コーティング剤には不安定なSB-8を諦めて、海外で静電型スピーカのコーティングとして評判の高いLicron Crystalスプレーをたっぷり振りかけた。こいつは乾燥に時間が掛かるのでベランダの洗濯物ハンガーにぶら下げて乾燥させた。振動膜はいろんなスプレーをかけたり、イソプロピルアルコールで洗ったりとひどい扱いを受けて随分へたってきた感じだ。Licron Crystalをスプレーしたら均等に広がらずぽつぽつと濃淡模様が出来てしまったが、気にしないことにした。膜をじっくり見てて思ったのだが、張力がへってきたようだ。傷もある。乾燥を確実にすることと同時に張力が上がることを期待してへアドイヤでしっかり加熱してみた。
組み立てていたら、プラ板で作ったスペーサが1枚どっかに飛んで行ったので、慌てて作り直した。組み立ててからアンプMK-14に繋いで聴いてみると、えらく能率が向上したし低音域の歪の減少した。まだ、ドラムス等のパルシヴな入力や大きな音のところで時々歪むが、しばらくはこれで行こう。

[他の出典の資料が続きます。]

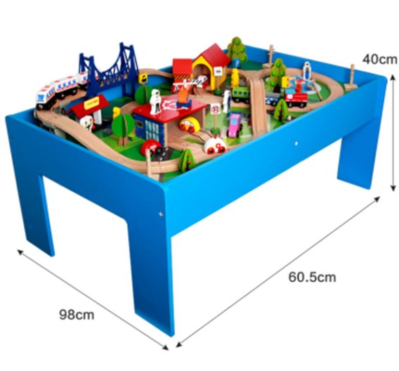 Drewniana kolejka ze stolikiem i mnóstwem akcesoriów, dla dzieci od trzeciego roku życia. W skład zestawu wchodzą drewniane tory z pociągiem i kolejką, umieszczone na drewnianym, stabilnym stole z rysunkiem drogi na blacie. Ponadto stolik posiada wystające ponad poziom blatu krawędzie, co zapobiega spadaniu elementów zestawu.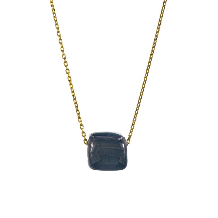 Επιχρυσωμένο 925 κολιέ με μπλε χάντρα με τα νερά του ! Μοντέρνο κολιέ με μαύρη κεραμική χάντρα κύβος 38 εκατοστών και με επέκταση 7 εκατοστών ! Ευκολοφόρετo κολιέ για καθημερινή χρήση με μοντέρνο σχεδιασμό !

能率が良くなったのは良いのだが、能率が上がった所為かハムが聞こえる。MK-14の電源関係を見直さねばならない。+320 V、0 V、-384 Vの電源を+704 Vと0 Vの電源に直して、それに応じて回路定数も練り直すのが良さそうだ。そうすれば、12AU6のグリッドを-384 Vでは無く直接アースに落とすことが出来るし、入力のキャパシタも不要になる。ブリッジ型のコッククラフト・ウォルトン回路で作っている高圧バイアスも704 VのB電源を分割すれば不要になる。アンプ側と電源部側についてそれぞれしっかりと回路図を書いて準備しよう。間違って中途半端に接続変更すると電圧が高いだけにトンデモないことになるので。